How to use the TPM data from either Stringtie or Sailfish or Killisto quant

Dear all, I’m trying to get TPM data from FastQ file(mouse, illumina, pair-end, 150bp, 20-30M), I tried Stringtie, Salmon, Sailfish, Killisto quant, and I did get the results, but I have a couple of questions about the data:

  1. Stringtie data showed one gene with multiple TPM values, my understanding is these different reads mapped to different sites of the same gene(there is information about the ch site), should I just plus all the TPM together as the final TPM for each gene?
    |Rb1cc1| cov 143.169418| FPKM 8.402312| TPM 17.528645|
    |Rb1cc1| cov 0.007920| FPKM 0.000465| TPM 0.000970|
    |Rb1cc1| cov 0.353770| FPKM 0.020762| TPM 0.043313|
    |Rb1cc1| cov 0.006247| FPKM 0.000367| TPM 0.000765|
    |Rb1cc1| cov 0.608617| FPKM 0.035718| TPM 0.074515|
    |Rb1cc1| cov 1.899041| FPKM 0.111451| TPM 0.232505|
    |Rb1cc1| cov 0.131482| FPKM 0.007716| TPM 0.016098|
    |Rb1cc1| cov 0.025351| FPKM 0.001488| TPM 0.003104|
    |Rb1cc1| cov 0.081178| FPKM 0.004764| TPM 0.009939|
    |Rb1cc1| cov 0.661685| FPKM 0.038833| TPM 0.081012|

  2. the data from Salmon, Sailfish, and Killisto quant are more confusing, the target ids are like what showed as following, which one I should use to count TPM? or it’s the issue of the reference genome I use(Grcm38)?
    ENSMUST00000130201.7|ENSMUSG00000033845.13|OTTMUSG00000029329.3|OTTMUST00000072660.1|Mrpl15-203|Mrpl15|1894|protein_coding|
    ENSMUST00000156816.6|ENSMUSG00000033845.13|OTTMUSG00000029329.3|OTTMUST00000072659.1|Mrpl15-206|Mrpl15|4203|protein_coding|
    ENSMUST00000045689.13|ENSMUSG00000033845.13|OTTMUSG00000029329.3|OTTMUST00000072661.1|Mrpl15-201|Mrpl15|497|nonsense_mediated_decay|
    ENSMUST00000115538.4|ENSMUSG00000033845.13|OTTMUSG00000029329.3|OTTMUST00000072664.1|Mrpl15-202|Mrpl15|910|processed_transcript|
    ENSMUST00000192286.1|ENSMUSG00000033845.13|OTTMUSG00000029329.3|OTTMUST00000127355.1|Mrpl15-207|Mrpl15|4600|retained_intron|
    ENSMUST00000146665.2|ENSMUSG00000033845.13|OTTMUSG00000029329.3|OTTMUST00000072662.2|Mrpl15-205|Mrpl15|1569|protein_coding|
    ENSMUST00000132625.1|ENSMUSG00000033845.13|OTTMUSG00000029329.3|OTTMUST00000072663.1|Mrpl15-204|Mrpl15|654|retained_intron|

  3. honestly, it’s the first time I work with RNAseq data, so for all the programs, I always use the default setting, based on the sequencing parameter (mouse, illumina, pair-end, 150bp, 20-30M), does anyone can give me some advice about those parameters?

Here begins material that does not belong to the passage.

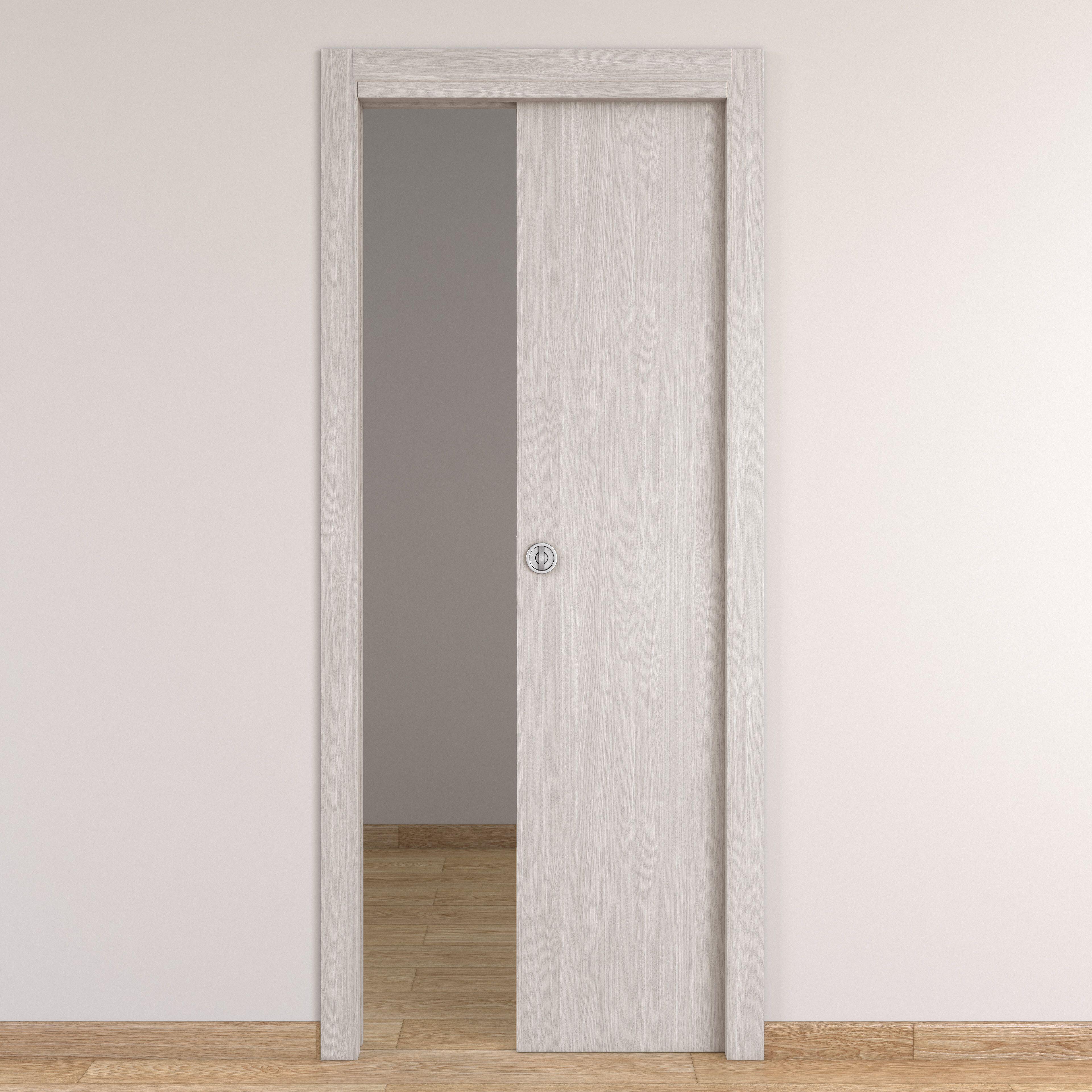 In laminato, rivestita. Maniglia inclusa. Qualità Standard, porta con un buon rapporto qualità e budget. Perfetta per una casa di proprietà. Apertura scorrevole interno muro, ideale per stanze con spazi ridotti. Finitura resistente ai graffi molto facile da pulire. Lascia libere le pareti senza ingombro di apertura.. Dotata di serratura per garantire la privacy

thank you so much, everyone!

Dear @yanjiezhu,
For both 1. and 2., what is happening is that your tools count for each individual transcript, e.g., ENSMUST00000130201.7 and ENSMUST00000156816.6 are two different transcripts of your gene Mrpl15. Bit more confusing in (1), Stringtie shows just the gene name, but each row stands probably for one transcript of the gene. Some tools like Salifish can be set to the specific ID they should consider for counting (look into the option The key for aggregating transcripts during gene-level estimates of Salifish). Other tools do not support such an option and in order to count only for the gene you would need to get an annotation file, where you just have one row for each gene.

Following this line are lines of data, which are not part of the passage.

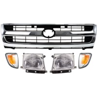 Grille for Toyota Tacoma 1997-2000, 5-Piece Kit with Corner Lights and Headlights, Replacement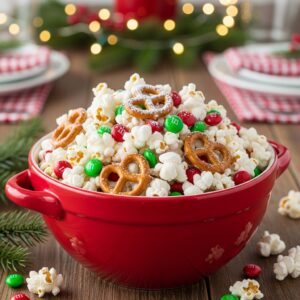 A sweet-and-salty popcorn mix with holiday colors and flavors.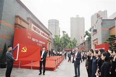 6月3日,党员在中国共产党第一次全国代表大会纪念馆外重温入党誓词。

Have a nice day and best wishes,
Florian

2 Likes

Hi Florian,
Thank you so much for the kind explanation. You are right, Stringtie shows here each row stands for one transcript of the same gene, I can see the details like this:
chr1 StringTie transcript 3206523 3216968 1000 - . gene_id MSTRG.2 transcript_id “ENSMUST00000159265.1” ref_gene_name Xkr4 cov “0.011633” FPKM “0.000683” TPM “0.001424”
chr1 StringTie transcript 3214482 3671850 1000 - . gene_id MSTRG.2 transcript_id “ENSMUST00000070533.4” ref_gene_name Xkr4 cov “0.117157” FPKM “0.006876” TPM “0.014344”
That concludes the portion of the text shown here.